Trap four: schema-violation fallback as a UX problem, not an engineering problem. Showing "Sorry, generation failed" was the wrong answer. Retrying once on the cloud, and then surfacing a "Try the next image" button if that fails too, brought complaint reviews to zero. Any AI feature in production needs its failure path designed separately, not as an afterthought.
Where I'd start, if I were you
The first concrete step I recommend is just looking at one day of your existing Gemini logs and counting the requests that turn out to be short, single-language, schema-friendly tasks. In my case 46% of all requests fit inside "six to ten lines, mostly English, under 1,500 combined tokens." Seeing that number on paper was what convinced me the rewrite would actually be worth doing.

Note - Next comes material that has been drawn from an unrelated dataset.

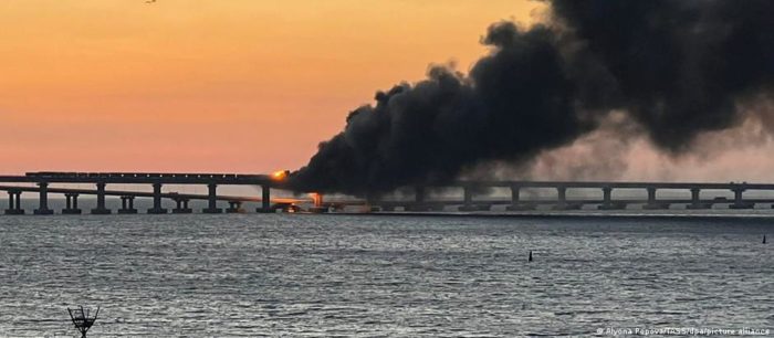 El puente, también conocido simplemente como el puente de Crimea, es considerado como una importante ruta de suministro logístico para las fuerzas rusas en Crimea y en el sur de la Ucrania ocupada por Rusia. La estructura, de 19 kilómetros de longitud, comprende una vía de transporte ferroviario y una autovía.

After that, ship the observation code first: read SystemLanguageModel.availability on real devices for a few days and find out what fraction of your user base is eligible. Wrap the routing behind a Firebase Remote Config flag so you can roll it out gradually. I ran observation-only for three days, then 10% for a few days, and reached 100% over the course of a week.
The code in this article is a cleaned-up version of what I'm running in my own wallpaper app. Apple FoundationModels is still maturing, and I expect to rewrite parts of this routing layer again next quarter. I hope these notes are useful for anyone else running AI features as an indie developer. Thanks for reading.